Somebody Scream! PDF Author: Marcus Reeves
Publisher: Farrar, Straus and Giroux
ISBN: 1466822155
Category : Music
Languages : en
Pages : 340

Book Description
For many African Americans of a certain demographic the sixties and seventies were the golden age of political movements. The Civil Rights movement segued into the Black Power movement which begat the Black Arts movement. Fast forward to 1979 and the release of Sugarhill Gang's "Rapper's Delight." With the onset of the Reagan years, we begin to see the unraveling of many of the advances fought for in the previous decades. Much of this occurred in the absence of credible, long-term leadership in the black community. Young blacks disillusioned with politics and feeling society no longer cared or looked out for their concerns started rapping with each other about their plight, becoming their own leaders on the battlefield of culture and birthing Hip-Hop in the process.
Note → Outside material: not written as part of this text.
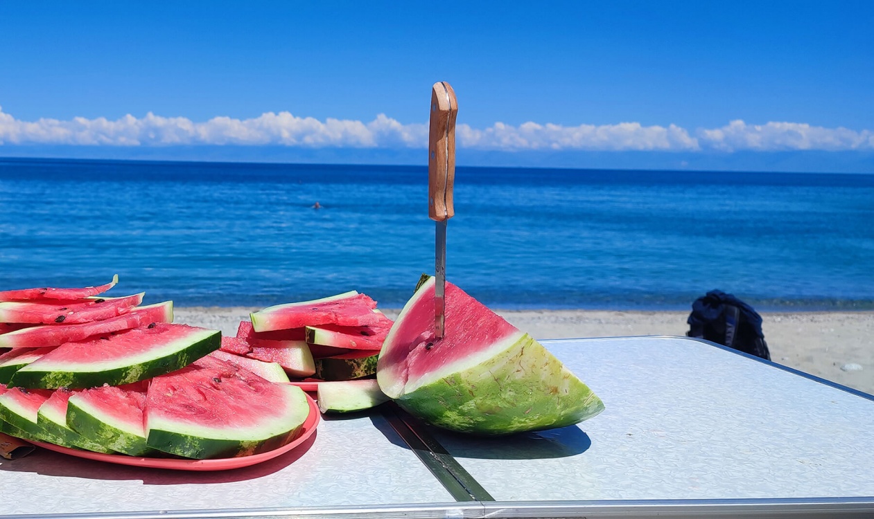Сегодня — день отдыха у озера Иссык-Куль. Можно провести его на пляже: купаться, загорать, просто наслаждаться покоем у воды.

In Somebody Scream, Marcus Reeves explores hip-hop music and its politics. Looking at ten artists that have impacted rap—from Run-DMC (Black Pop in a B-Boy Stance) to Eminem (Vanilla Nice)—and puts their music and celebrity in a larger socio-political context. In doing so, he tells the story of hip hop's rise from New York-based musical form to commercial music revolution to unifying expression for a post-black power generation.

No Coward Soldiers

No Coward Soldiers PDF Author: Waldo E. Martin
Publisher: Harvard University Press
ISBN: 0674040686
Category : History
Languages : en
Pages : 174

Book Description
In this exploration of the 20th-century civil rights and black power eras, Martin uses cultural politics as a lens through which to understand the African-American freedom struggle. In freedom songs, in the exuberance of an Aretha Franklin concert, in Faith Ringgold's exploration of race and sexuality, the personal and social became the political.